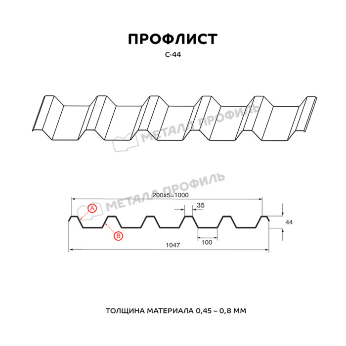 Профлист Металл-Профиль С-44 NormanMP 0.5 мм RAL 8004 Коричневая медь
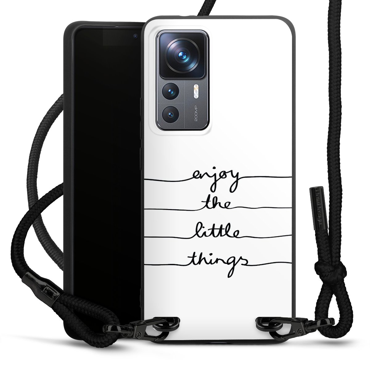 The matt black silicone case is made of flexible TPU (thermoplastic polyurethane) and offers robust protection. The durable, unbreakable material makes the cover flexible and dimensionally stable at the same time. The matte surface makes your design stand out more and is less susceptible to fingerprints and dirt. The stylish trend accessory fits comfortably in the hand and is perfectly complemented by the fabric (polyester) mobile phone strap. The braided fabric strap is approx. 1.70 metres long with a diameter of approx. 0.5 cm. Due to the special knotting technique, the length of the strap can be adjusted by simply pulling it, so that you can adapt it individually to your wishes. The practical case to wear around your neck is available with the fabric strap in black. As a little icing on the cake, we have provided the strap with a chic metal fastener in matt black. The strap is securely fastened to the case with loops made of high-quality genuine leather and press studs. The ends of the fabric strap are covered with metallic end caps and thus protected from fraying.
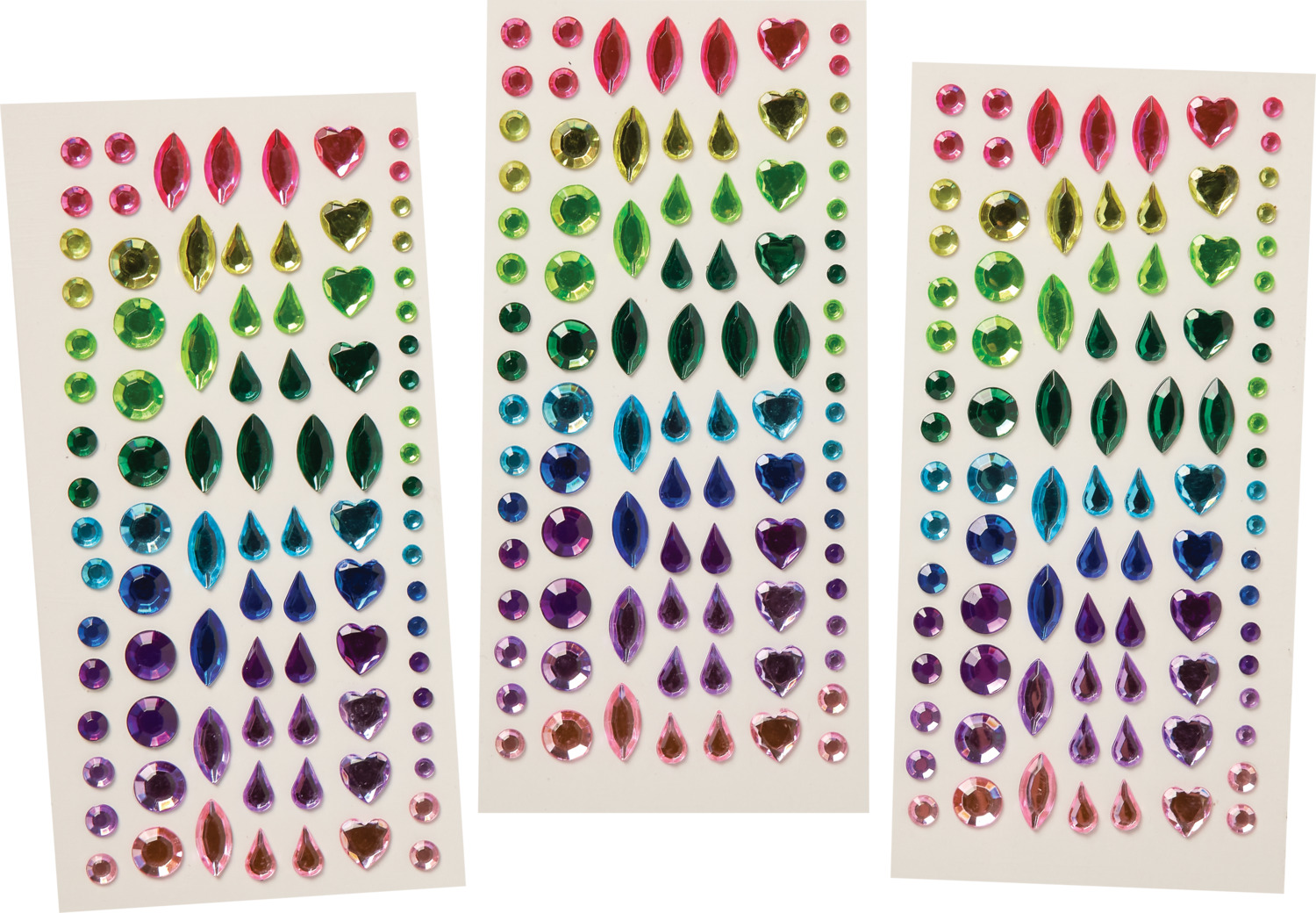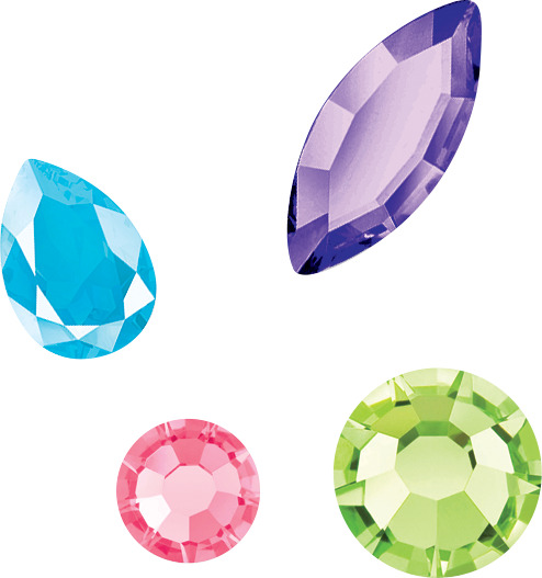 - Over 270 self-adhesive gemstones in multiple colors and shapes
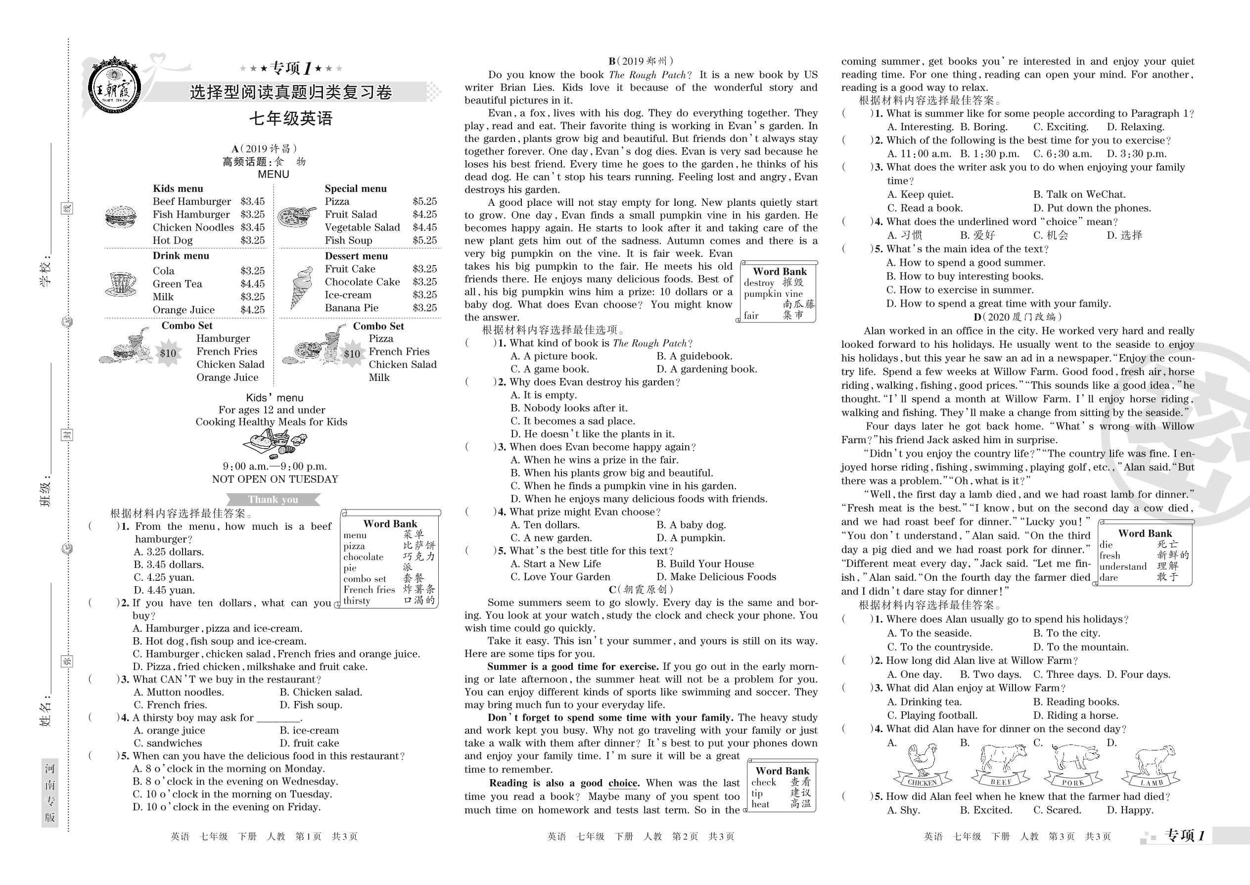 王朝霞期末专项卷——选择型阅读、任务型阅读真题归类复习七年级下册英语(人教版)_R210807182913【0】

...

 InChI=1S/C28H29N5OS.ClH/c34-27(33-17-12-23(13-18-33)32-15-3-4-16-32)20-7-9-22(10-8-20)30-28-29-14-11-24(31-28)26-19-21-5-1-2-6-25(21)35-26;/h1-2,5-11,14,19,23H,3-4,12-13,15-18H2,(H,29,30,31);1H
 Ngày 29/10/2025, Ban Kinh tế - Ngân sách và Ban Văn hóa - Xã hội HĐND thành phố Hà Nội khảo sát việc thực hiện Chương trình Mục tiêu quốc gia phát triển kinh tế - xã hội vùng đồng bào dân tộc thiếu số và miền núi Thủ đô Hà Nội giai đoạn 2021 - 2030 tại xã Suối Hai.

---

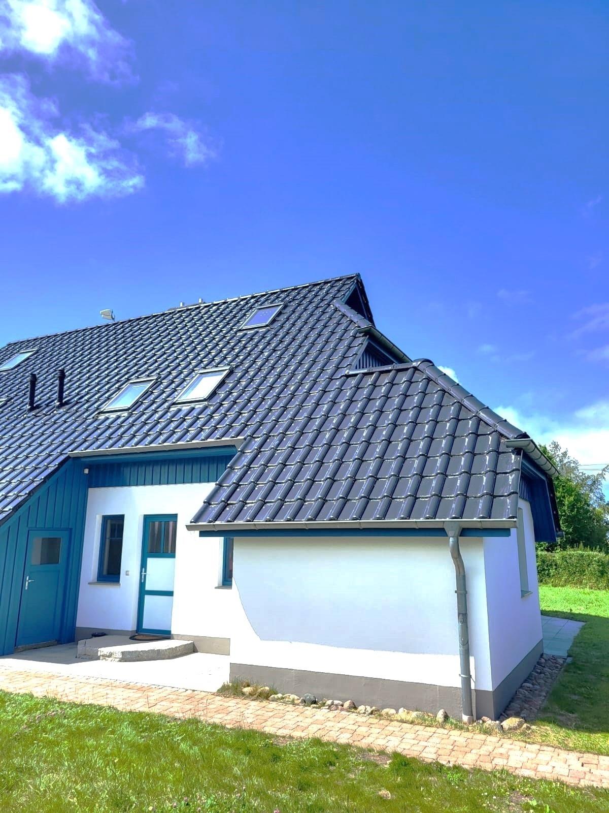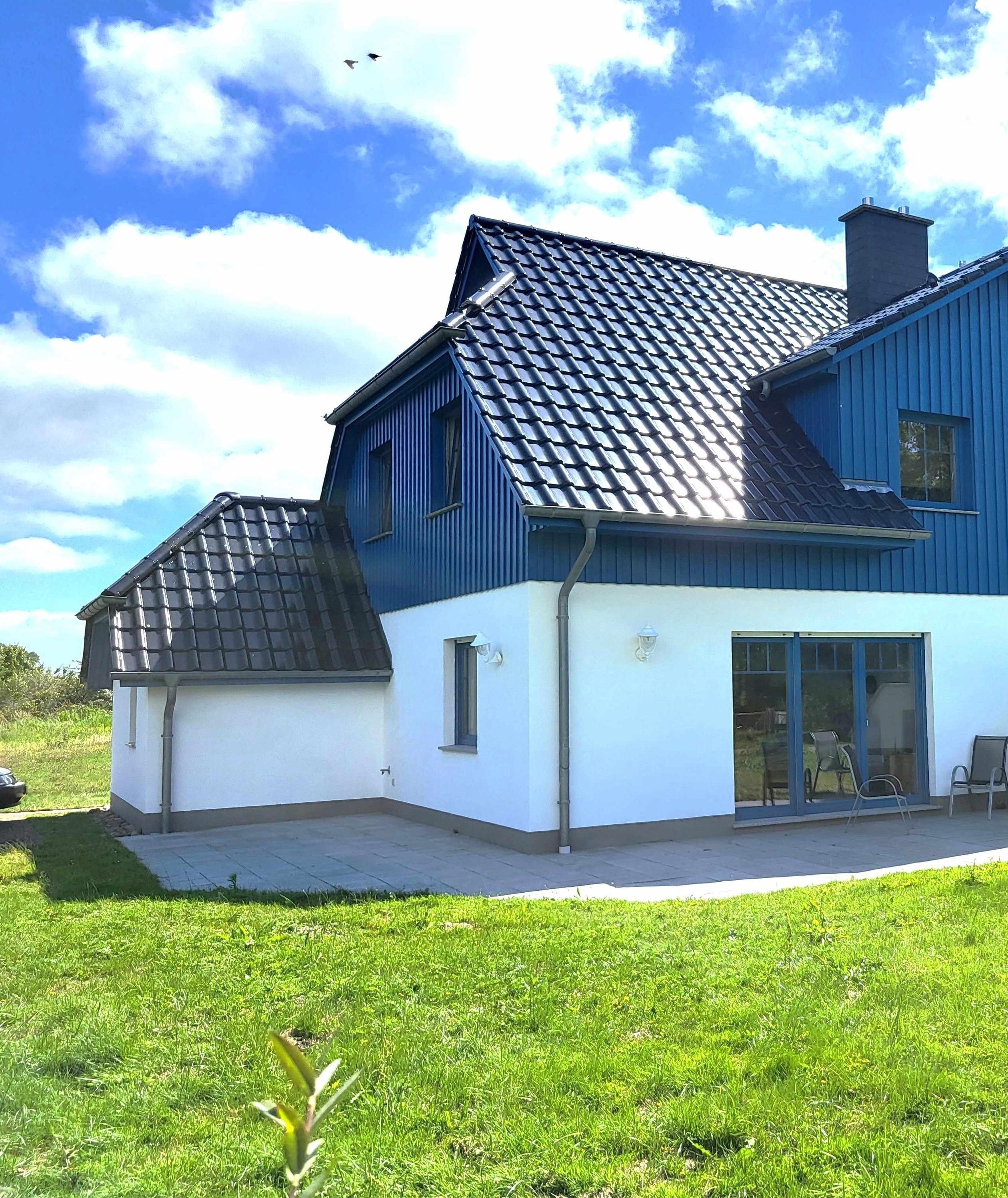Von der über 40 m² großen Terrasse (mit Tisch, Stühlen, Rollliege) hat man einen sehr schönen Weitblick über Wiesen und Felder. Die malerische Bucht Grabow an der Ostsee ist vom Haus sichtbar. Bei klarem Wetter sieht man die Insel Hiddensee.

Required work. For the entries above, print exactly the lines between the one with "- Over 270 self-adhesive" and the one with "王朝霞期末专项卷——选择型阅", inclusive, with no pictures.

Task response.
 - Over 270 self-adhesive gemstones in multiple colors and shapes
 王朝霞期末专项卷——选择型阅读、任务型阅读真题归类复习七年级下册英语(人教版)_R210807182913【0】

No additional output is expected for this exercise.